Potential Inconsistencies Model and Datasets License
Hi, while reviewing the licenses for this model and datasets it depends on, I noticed a potential inconsistency that could cause confusion or legal risks in some situations.
Your model utilizes the dataset mlfoundations/datacomp_pools is licensed under the cc-by-4.0. However, the license of your model is mit, i.e., less strict than cc-by-4.0 on license terms, which may impact the whole license compatibility in your repository, thus confusing subsequent users and bringing possible legal and financial risks.
If possible, you can fix them in one of the following ways:
1.It could be helpful to select another proper license for your repository.
2.You may want to gently remind users that, in some cases, they should check both the model license and the base model license, especially when redistributing or modifying the model.
I do not speak for the organization, but I speak for myself, and my expertise in copyright law, which is vast.
The datasets may be licensed 'cc-by-4.0', but it does not hold that the model is a 'derivative work' of the dataset, because model weights are non expressive and on the opposite side of the 'idea/expression' dichotomy, and model weights which are something that is not a 'work of authorship' by a human, cannot be copyrighted whatsoever anyways.
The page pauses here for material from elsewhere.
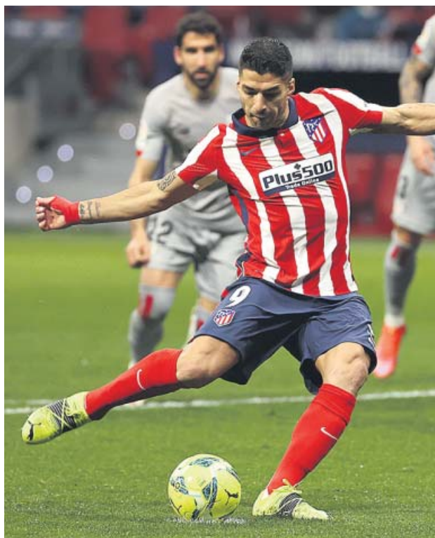
Luis Suárez lanza el penalti que significaría el 2-1.

El tanto no alteró el panorama y el partido siguió al rit-
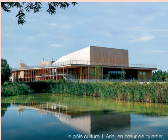
Le pôle culturel L'Aria, en cœur de quartier, accueille une salle de spectacle, une médiathèque et un auditorium.

@yueyangchen AFAIK there is no legal precedent on this one way or the other as of yet. The majority of model weights in existence likely have similar concerns. Will leave as status quo.
Additionally, I believe the license on the datacomp pools is probably refering only to their contribution on top of the raw images & captions, ie the currated pools and genarated metadata themselves. The actual images and captions almost certainly do not fall under cc-by-4.0 at that scale.
Also, speaking for myself and not the HF organization.